Por Carolina Agurto Flores*, Resumen Latinoamericano, 13 de marzo de 2021.
El debate en torno a la soberanía alimentaria volvió tomar fuerza a raíz de la crisis alimentaria que se develó el 18 de mayo del año pasado, cuando un centenar de vecinos de El Bosque iniciaron protestas para denunciar la falta de alimentos luego de la cuarentena decretada por el gobierno.
Este hecho marcó un precedente importante para problematizar el derecho de los pueblos a decidir su propio sistema alimentario y productivo, así como el derecho humano básico a acceder a alimentos suficientes, nutritivos y culturalmente apropiados.
De manera casi paralela, en julio fue publicado el informe SOFI de la FAO, el cual señala que 2,9 millones de chilenos, equivalentes al 15,6% de la población, tiene algún grado de inseguridad alimentaria.
Según este organismo las personas tienen inseguridad alimentaria moderada cuando enfrentan incertidumbre respecto a su capacidad para obtener alimentos o se ven obligadas a aceptar menor calidad o cantidad en su alimentación; y existe inseguridad alimentaria severa cuando a menudo se quedan sin alimentos y pueden llegar incluso a pasar un día o varios sin comer.

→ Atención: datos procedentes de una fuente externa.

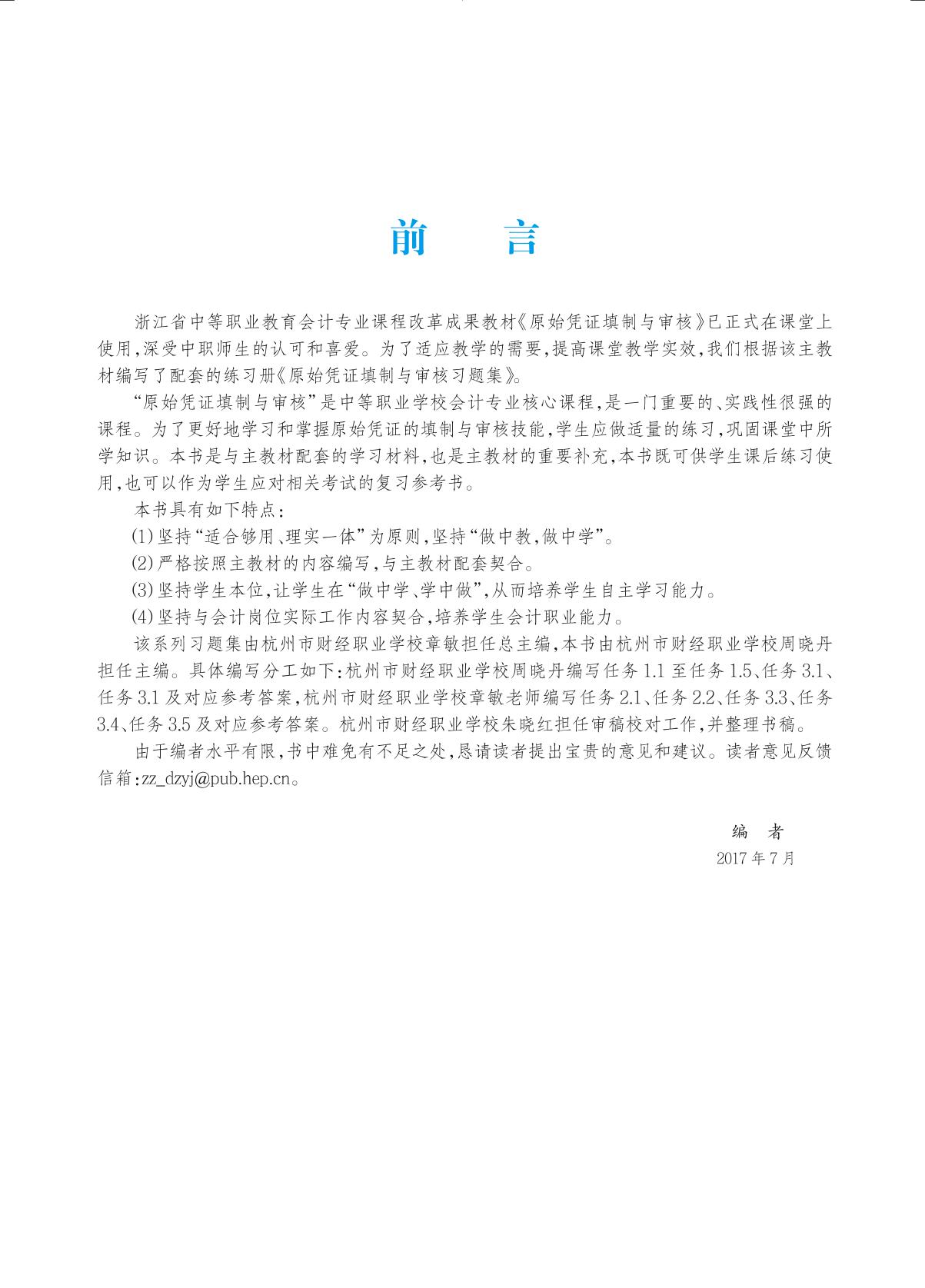 本书是浙江省中等职业教育会计专业课程改革成果教材《原始凭证填制与审核》(ISBN 978-7-04-041213-0)的配套习题集。

Esta última categoría afectaría al menos a 700 mil personas, cifra que en 2020 aumentó en un 16% en relación a años anteriores.
Esta situación se contextualiza en un complejo panorama mundial de reagudización del hambre (inseguridad alimentaria severa) desde el 2014, llegando a sumar un total de 750 millones en 2019, y 2000 millones entre inseguridad moderada y severa. El mismo informe sugiere que la pandemia del COVID-19 puede añadir entre 83 y 132 millones a la cifra de personas subalimentadas en el 2020 (FAO, 2020)1.
Sin embargo, es probable que estas cifras sean mucho más altas si se considera que luego de la fuerte crisis alimentaria del 2008, la FAO ha realizado varias modificaciones metodológicas que hacen menos estricta la definición del hambre2.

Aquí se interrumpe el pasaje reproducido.